What this task involves
Look through the entries below and copy exactly the part that begins with the line containing "LIS를 응용한 DP" and ends with the line containing "峰会第一天,利比亚总统卫队即". Do not copy the pictures.

(Extracted records)
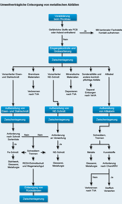 Durch Separatsammlung oder durch Sortierung werden Eisen- und Nichteisenschrott getrennt. Grössere Teile werden durch Scheren (Grobzerkleinerung auf chargier fähige Masse) oder Schreddern (Feinzerkleinerung mit Trennprozessen) zerkleinert. Dabei werden auch nichtmetallische Materialien aus Anhaftungen oder Verbundmaterialien abgetrennt. Diese Rückstände sind oft stark mit Schadstoffen belastet und müssen separat entsorgt werden. Kabel stammen aus dem Rückbau von Gebäuden und Anlagen oder aus der Demontage von Geräten und werden in Leiter und Ummantelung zerlegt.
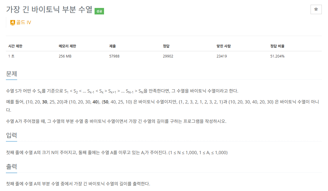LIS를 응용한 DP 문제. LIS 알고리즘을 공부했거나 관련 문제를 풀어봤다면 어렵지 않게 풀이 방법을 떠올릴 수 있다. 기준이 될 인덱스를 정해두고, 앞부분에 대한 LIS를 구하고 뒷부분에 대한 LDS를 구해서 더한 값에 1을(기준 값이 포함되어야 하기 때문에) 더해주면 끝이기 때문이다.
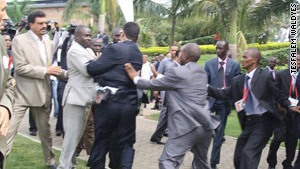 峰会第一天,利比亚总统卫队即与乌干达安全人员发生了拳脚冲突。根据CNN记者萨曼森纳塔尔的描述,当时正要举行峰会开幕式。按照规定,只有国家首脑被允许进入会场。利比亚总统卫队试图护送卡扎菲通过入口,遂与乌干达安全人员发生争论,随后升级为肢体冲突,但是双方没有动枪。
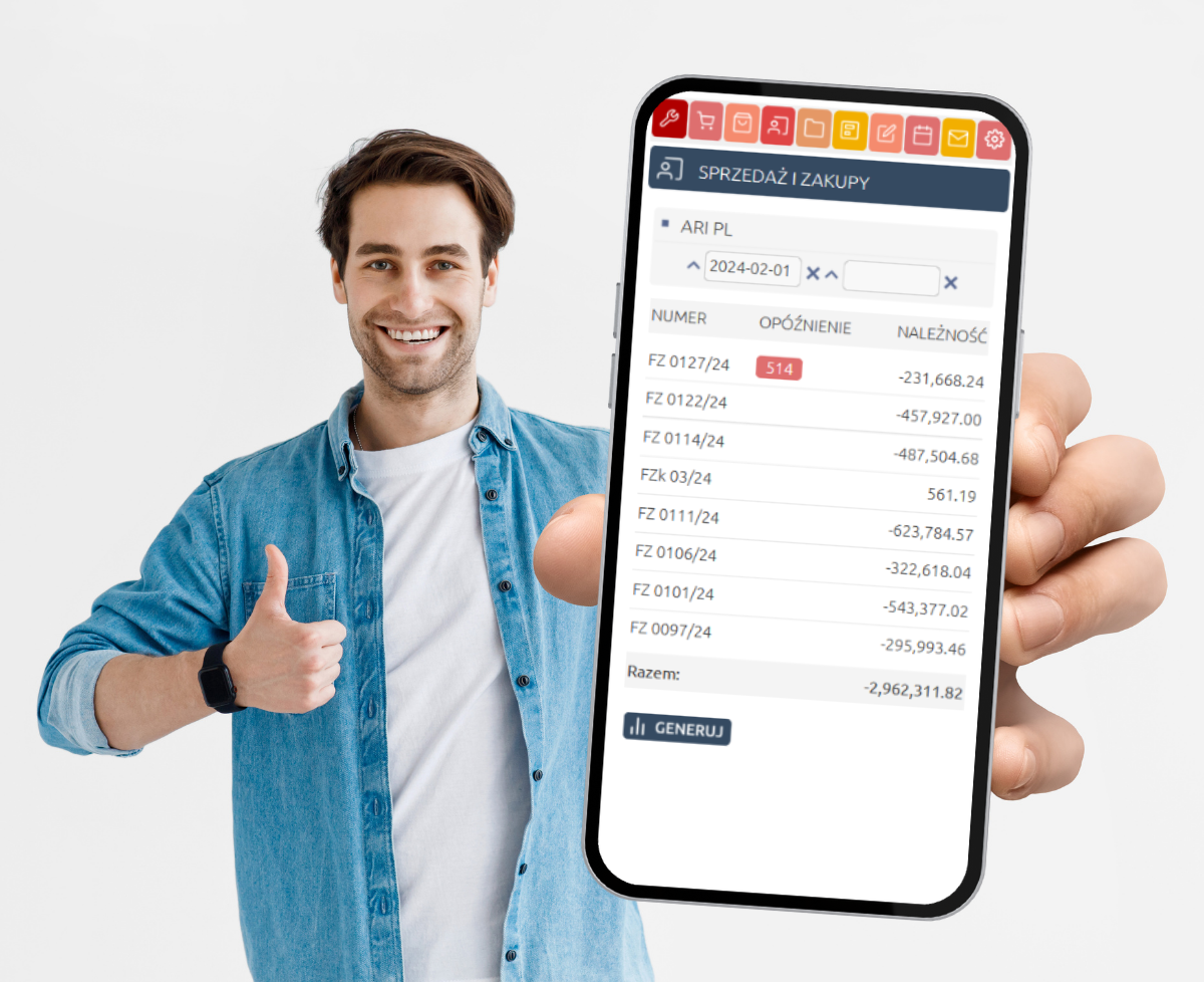 System ITCube posiada responsywny interfejs użytkownika, dzięki czemu osoby pracujący zdalnie mogą w wygodny sposób korzystać z programu za pomocą telefonu komórkowego. Integracja CRM z aplikacją Symfonia umożliwia sprawdzenia na smartfonie następujących informacji:
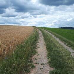 Ich laufe nun abwechselnd über Pfade, Forstwege und Asphalt, tauche in schöne kleine Seitentäler ein und habe immer wieder einen schönen Blick auf die Ortschaften unter mir. In Enscheringen gehe ich ein Mal quer durchs Dorf und darf auf der anderen Talseite einen knackigen Anstieg meistern, der mich zu einer Sonnenuhr mit Rastbank führt. Leider wird immer bewölkter und windiger und Nieselregen setzt ein.Read more

Problem solution
LIS를 응용한 DP 문제. LIS 알고리즘을 공부했거나 관련 문제를 풀어봤다면 어렵지 않게 풀이 방법을 떠올릴 수 있다. 기준이 될 인덱스를 정해두고, 앞부분에 대한 LIS를 구하고 뒷부분에 대한 LDS를 구해서 더한 값에 1을(기준 값이 포함되어야 하기 때문에) 더해주면 끝이기 때문이다.
 峰会第一天,利比亚总统卫队即与乌干达安全人员发生了拳脚冲突。根据CNN记者萨曼森纳塔尔的描述,当时正要举行峰会开幕式。按照规定,只有国家首脑被允许进入会场。利比亚总统卫队试图护送卡扎菲通过入口,遂与乌干达安全人员发生争论,随后升级为肢体冲突,但是双方没有动枪。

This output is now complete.